Source data:
· · ·
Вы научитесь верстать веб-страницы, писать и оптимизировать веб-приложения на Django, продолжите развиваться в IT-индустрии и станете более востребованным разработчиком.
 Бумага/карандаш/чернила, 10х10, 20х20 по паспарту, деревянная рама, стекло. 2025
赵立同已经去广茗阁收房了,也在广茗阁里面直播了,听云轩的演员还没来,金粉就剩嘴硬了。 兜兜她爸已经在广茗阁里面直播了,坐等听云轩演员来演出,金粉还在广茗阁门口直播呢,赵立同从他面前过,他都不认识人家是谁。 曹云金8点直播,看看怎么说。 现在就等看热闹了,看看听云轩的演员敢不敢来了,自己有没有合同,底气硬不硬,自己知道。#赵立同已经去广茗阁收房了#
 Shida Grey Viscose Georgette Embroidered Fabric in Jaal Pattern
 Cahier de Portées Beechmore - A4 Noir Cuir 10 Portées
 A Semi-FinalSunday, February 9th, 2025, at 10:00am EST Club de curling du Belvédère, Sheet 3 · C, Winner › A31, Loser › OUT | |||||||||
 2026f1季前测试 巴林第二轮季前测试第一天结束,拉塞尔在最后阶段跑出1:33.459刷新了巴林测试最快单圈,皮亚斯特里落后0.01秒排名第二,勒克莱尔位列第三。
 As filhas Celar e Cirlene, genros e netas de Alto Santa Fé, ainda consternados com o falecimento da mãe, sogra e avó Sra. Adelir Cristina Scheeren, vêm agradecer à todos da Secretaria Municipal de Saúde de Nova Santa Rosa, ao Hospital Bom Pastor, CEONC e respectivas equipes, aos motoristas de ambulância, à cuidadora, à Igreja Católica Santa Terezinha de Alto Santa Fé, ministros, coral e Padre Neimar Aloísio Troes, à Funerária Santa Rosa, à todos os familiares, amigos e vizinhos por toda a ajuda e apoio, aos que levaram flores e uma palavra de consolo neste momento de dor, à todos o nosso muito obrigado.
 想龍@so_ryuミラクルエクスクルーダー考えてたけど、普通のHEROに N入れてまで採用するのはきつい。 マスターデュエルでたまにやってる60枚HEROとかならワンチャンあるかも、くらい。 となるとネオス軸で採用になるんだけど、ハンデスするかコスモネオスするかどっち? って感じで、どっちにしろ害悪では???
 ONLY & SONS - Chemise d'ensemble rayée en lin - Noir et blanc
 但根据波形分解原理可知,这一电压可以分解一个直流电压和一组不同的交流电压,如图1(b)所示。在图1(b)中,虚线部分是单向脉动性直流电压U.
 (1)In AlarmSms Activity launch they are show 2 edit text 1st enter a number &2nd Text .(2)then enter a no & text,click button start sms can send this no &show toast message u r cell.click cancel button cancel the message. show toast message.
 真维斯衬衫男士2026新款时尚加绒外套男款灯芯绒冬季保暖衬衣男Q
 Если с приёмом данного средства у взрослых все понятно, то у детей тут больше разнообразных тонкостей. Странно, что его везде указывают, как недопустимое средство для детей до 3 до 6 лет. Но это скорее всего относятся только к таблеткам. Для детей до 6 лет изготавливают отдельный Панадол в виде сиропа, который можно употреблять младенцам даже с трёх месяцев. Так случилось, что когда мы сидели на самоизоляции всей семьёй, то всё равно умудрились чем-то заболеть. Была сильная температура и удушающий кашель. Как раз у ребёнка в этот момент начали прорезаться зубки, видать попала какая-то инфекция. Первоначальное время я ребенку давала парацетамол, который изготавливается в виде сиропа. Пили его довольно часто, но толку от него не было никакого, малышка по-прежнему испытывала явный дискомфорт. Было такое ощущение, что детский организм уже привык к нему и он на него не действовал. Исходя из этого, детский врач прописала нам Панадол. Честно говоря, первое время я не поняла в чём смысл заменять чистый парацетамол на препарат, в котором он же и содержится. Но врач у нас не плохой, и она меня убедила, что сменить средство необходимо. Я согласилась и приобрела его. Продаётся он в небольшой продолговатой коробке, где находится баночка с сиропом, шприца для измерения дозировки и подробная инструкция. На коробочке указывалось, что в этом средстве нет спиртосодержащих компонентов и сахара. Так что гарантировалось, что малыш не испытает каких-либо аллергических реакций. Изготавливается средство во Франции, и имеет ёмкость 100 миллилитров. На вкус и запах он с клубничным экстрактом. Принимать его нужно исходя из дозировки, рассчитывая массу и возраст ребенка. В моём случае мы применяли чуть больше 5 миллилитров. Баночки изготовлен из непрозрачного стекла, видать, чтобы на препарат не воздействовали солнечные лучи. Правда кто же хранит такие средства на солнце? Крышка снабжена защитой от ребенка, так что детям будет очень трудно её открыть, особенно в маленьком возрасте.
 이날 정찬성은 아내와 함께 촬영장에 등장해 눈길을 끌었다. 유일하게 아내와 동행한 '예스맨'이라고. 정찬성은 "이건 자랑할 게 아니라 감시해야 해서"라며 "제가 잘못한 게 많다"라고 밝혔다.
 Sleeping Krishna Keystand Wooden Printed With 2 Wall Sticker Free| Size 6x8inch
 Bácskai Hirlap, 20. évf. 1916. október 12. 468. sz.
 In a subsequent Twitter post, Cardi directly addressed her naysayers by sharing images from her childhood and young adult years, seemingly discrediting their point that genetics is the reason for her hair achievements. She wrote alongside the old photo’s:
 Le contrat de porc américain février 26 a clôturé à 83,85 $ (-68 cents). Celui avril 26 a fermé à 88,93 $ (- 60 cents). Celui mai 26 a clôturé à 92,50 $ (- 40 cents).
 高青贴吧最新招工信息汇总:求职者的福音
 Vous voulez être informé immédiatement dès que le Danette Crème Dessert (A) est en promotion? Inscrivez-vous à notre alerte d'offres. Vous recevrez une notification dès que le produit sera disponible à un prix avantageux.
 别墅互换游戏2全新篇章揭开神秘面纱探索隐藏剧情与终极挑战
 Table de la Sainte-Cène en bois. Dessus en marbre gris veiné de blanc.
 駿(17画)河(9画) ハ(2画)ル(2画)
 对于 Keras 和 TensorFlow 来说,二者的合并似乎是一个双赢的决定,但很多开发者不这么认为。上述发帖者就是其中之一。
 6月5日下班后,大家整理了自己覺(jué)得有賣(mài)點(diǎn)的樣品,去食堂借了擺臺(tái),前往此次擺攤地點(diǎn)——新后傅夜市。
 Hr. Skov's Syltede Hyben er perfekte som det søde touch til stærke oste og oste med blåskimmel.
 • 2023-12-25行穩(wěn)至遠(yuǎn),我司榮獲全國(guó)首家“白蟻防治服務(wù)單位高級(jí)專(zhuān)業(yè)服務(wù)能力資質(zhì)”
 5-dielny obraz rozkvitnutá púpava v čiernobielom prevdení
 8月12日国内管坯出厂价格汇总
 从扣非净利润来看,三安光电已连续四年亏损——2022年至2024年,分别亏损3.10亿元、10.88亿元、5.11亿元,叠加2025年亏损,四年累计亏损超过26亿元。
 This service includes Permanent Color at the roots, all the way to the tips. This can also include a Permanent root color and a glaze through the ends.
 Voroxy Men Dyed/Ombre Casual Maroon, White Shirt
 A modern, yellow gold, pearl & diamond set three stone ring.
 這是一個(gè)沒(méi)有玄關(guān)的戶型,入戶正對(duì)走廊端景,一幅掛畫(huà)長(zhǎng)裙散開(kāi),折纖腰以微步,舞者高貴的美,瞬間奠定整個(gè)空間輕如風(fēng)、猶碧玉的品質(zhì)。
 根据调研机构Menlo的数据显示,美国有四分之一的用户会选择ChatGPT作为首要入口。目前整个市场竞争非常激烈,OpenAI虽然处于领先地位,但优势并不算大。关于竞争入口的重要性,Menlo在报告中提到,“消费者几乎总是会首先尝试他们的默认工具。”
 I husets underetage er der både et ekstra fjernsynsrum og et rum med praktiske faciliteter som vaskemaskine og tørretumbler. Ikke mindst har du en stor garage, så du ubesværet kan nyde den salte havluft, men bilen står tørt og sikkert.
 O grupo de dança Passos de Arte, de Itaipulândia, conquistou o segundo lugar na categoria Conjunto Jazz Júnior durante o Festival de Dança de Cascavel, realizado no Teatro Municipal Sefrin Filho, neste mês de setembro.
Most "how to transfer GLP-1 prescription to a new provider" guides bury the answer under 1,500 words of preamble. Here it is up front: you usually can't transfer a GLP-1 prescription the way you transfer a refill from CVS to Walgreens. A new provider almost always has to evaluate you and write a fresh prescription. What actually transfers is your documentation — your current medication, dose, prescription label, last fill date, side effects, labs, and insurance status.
· · ·
* YOUR GOAL *
Extract every line of the records above that contains the word "Municipal".

* ANSWER TO THIS EXERCISE *
 As filhas Celar e Cirlene, genros e netas de Alto Santa Fé, ainda consternados com o falecimento da mãe, sogra e avó Sra. Adelir Cristina Scheeren, vêm agradecer à todos da Secretaria Municipal de Saúde de Nova Santa Rosa, ao Hospital Bom Pastor, CEONC e respectivas equipes, aos motoristas de ambulância, à cuidadora, à Igreja Católica Santa Terezinha de Alto Santa Fé, ministros, coral e Padre Neimar Aloísio Troes, à Funerária Santa Rosa, à todos os familiares, amigos e vizinhos por toda a ajuda e apoio, aos que levaram flores e uma palavra de consolo neste momento de dor, à todos o nosso muito obrigado.
 O grupo de dança Passos de Arte, de Itaipulândia, conquistou o segundo lugar na categoria Conjunto Jazz Júnior durante o Festival de Dança de Cascavel, realizado no Teatro Municipal Sefrin Filho, neste mês de setembro.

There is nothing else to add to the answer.